*Dataset extract*:
+--
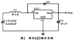 由于所選用的LED燈的額定電壓為3.3 V,而超級電容器的電壓為5.0 V,并且超級電容器在放電過程中電壓會不斷降低,因此需要有穩(wěn)壓電路來驅動LED。
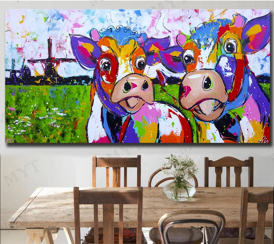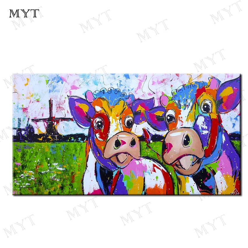 MYT Free Shipping Two Cows Graze In The Pasture Oil Painting Canvas Handpainted Modern Abstract Oil Painting Home Decor Gift
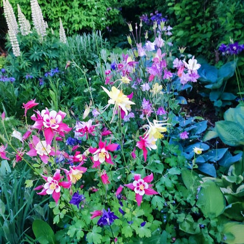 Akelejerne er lyserøde eller blå. Den store potte 40 kr. Den lille potte 25 kr.
+--
*Task requirements*: When you copy the data above, keep each line exact and omit the pictures.

*Result*:
 由于所選用的LED燈的額定電壓為3.3 V,而超級電容器的電壓為5.0 V,并且超級電容器在放電過程中電壓會不斷降低,因此需要有穩(wěn)壓電路來驅動LED。
 MYT Free Shipping Two Cows Graze In The Pasture Oil Painting Canvas Handpainted Modern Abstract Oil Painting Home Decor Gift
 Akelejerne er lyserøde eller blå. Den store potte 40 kr. Den lille potte 25 kr.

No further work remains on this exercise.